Locally equity-rich properties declined in every NE Tennessee county except Carter and Washington where they were unchanged from last year. The primary driver of the decline is homeowners cashing in equity to either trade up or scale back for retirement or for a major home upgrade. It’s also noteworthy that the local share of equity-rich property is greater than the share in both Tennessee and the U.S. During Q1 there were 22,023 equity-rich properties in NE Tenn. compared to 27,116 last year

Share of mortgaged properties that are equity rich.

“We’ve reached a tipping point in this housing boom where enough homeowners have regained both sufficient equity and sufficient confidence to tap into their home equity — resulting in a noticeably slower decline in seriously underwater properties and slower growth in equity-rich properties,” said Daren Blomquist, senior vice president at ATTOM Data Solutions. “This tapping of equity could take the form of a cash-out refinance, home equity loan or simply a home sale.
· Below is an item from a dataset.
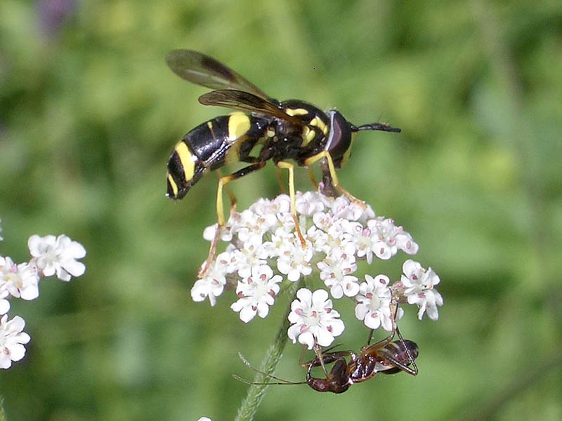 Klettenkerbel (Torilis japonica) und eine Zweiband-Wespenschwebfliege (Chrysotoxum bicinctum) und ein unbestimmtes Insekt ...mehr über unsere → Schwebfliegen im Glemstal |

We saw the biggest quarterly drop in average homeownership tenure for homeowners who sold in the first quarter since Q4 2008, evidence that more homeowners are reaching that equity-tapping tipping point more quickly and deciding to sell.”

Locally the shift may be rooted in issues other than the progression of the housing recovery. Historically the local share of equity-rich properties has been larger than the state or national levels, but many owners have been – some still are – reluctant to put their homes on the market. There are several reasons that act as a choke point for expanding the existing home inventory on the market. One is owners who would like something new can’t find what they want on the market. Another is the recession broke the unquestioned faith that property values would always go up.

The Q1 underwater properties report alights with an ATTOM report that showed a spike in the notice of trustee sales replacing an increase in home repossessions in the Tri-Cities region this year. The Northeast Tennessee Association of Realtors Trends Report shows 137 foreclosure sales so far this year. That accounts for 10.1% of all existing home sales that were listed on the local multiple listing service (MLS). That’s about half the market share of foreclosure sales reported by the Trends Report during the recession. This year’s number is shy of the actual total since some foreclosures are not listed on the MLS.